Pundits Slam Trump’s Biblical Language On North Korea, But Praise His Defense Secretary’s Genocidal Threats

Pundits Slam Trump’s Biblical Language On North Korea, But Praise His Defense Secretary’s Genocidal Threats

Reprinted with permission from AlterNet.

 

President Donald Trump’s pledge to punish North Korea “with fire, fury and frankly, power, the likes of which this world has never seen before” triggered outrage from pundits and lawmakers across the political spectrum.
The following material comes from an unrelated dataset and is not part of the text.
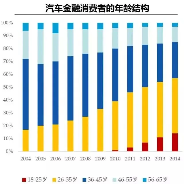 根据大众汽车金融的调查数据显示,10年前,36-45岁年龄组的汽车金融消费者占比超过50%,而到2014年,占比最高的年龄组变成26-35岁,且18-25岁人群占比逐步提升,消费年轻化趋势明显。

The outrage over his apparent threat to annihilate North Korea, possibly with nuclear arms, prompted his advisors to insist that Trump’s comments were improvised.
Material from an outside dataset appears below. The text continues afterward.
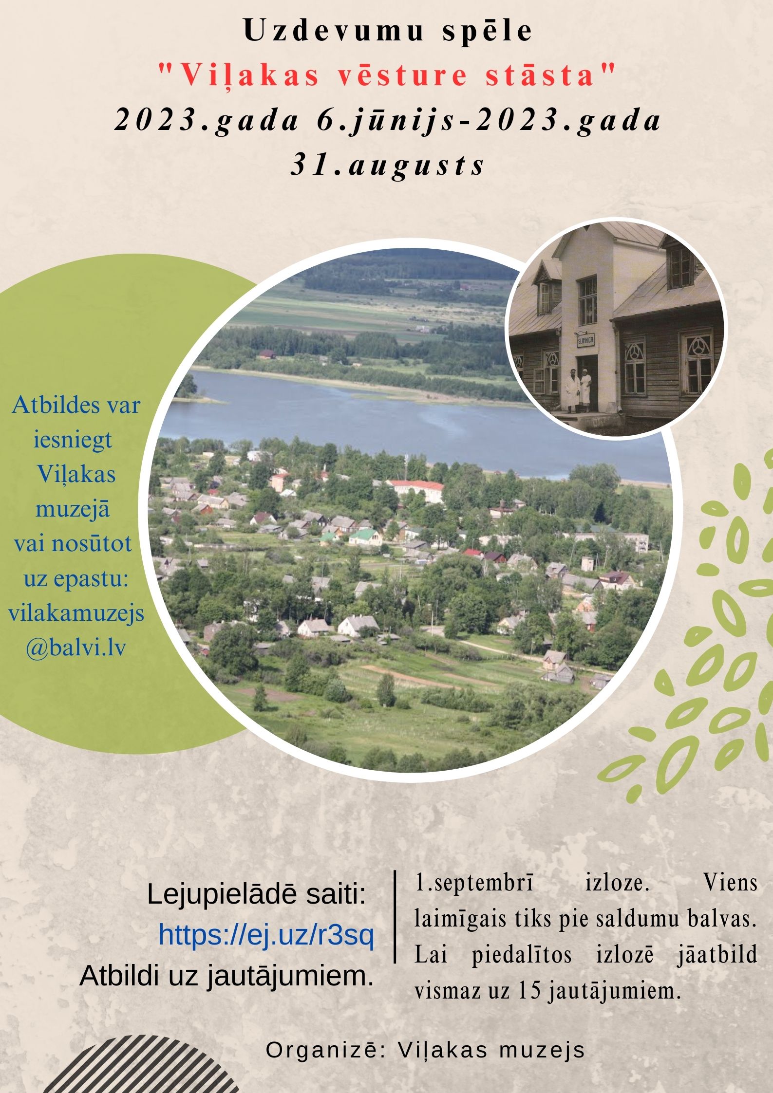 Uzdevumu atbildes var iesniegt Viļakas muzejā vai sūtot uz epastu: vilakamuzejs@balvi.lv, aizpildot pēdējo uzdevumu lapu.

When Defense Secretary James Mattis followed up with another belligerent statement, warning of “the end of [North Korea’s] regime and the destruction of its people,” the reaction from Washington’s political class was entirely different.

Though Mattis was nicknamed “Mad Dog” for his role in razing the city of Fallujah during the U.S. occupation of Iraq in 2004, pundits have rebranded him one of the “adults” in the White House — part of a class of sober-minded ex-generals appointed to rein in Trump’s divisive “America First” agenda.
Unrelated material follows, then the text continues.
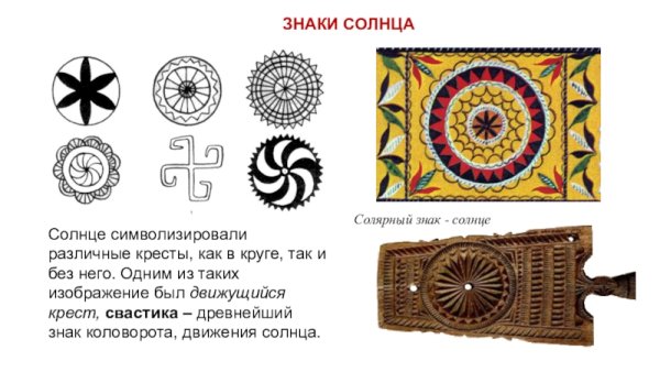Солярные знаки (солнце, земля, плодородие земли, вода).

CNN correspondent Dan Merica cast Mattis’ warning to oversee the mass slaughter of North Korea’s civilian population as a “tough statement.” This framing was echoed by Barbara Starr, the CNN Pentagon correspondent who serves as an enthusiastic stenographer for the Defense Department. Starr called Mattis’ rhetoric “very tough talk” and “a dire warning” to North Korea.

Self-described “GOP media guy” Rick Wilson, a veteran Republican consultant popular among liberals for his vehement criticism of Trump, applauded Mattis’ language, tweeting, “This is how you phrase it, not biblical-level chest beating.”

Perhaps the most bizarre response to Mattis’ statement came Washington Post national security reporter Dan Lamothe, who described it as a “call for de-escalation.”

The leak that triggered the threats

Both genocidal threats from Trump and Mattis were triggered by a confidential Defense Intelligence Agency assessment leaked to the Washington Post claiming that North Korea has “cross[ed] a key threshold on the path to becoming a full-fledged nuclear power.” The unverified analysis claimed that “60 nuclear weapons are now controlled by North Korean leader Kim Jong-un.”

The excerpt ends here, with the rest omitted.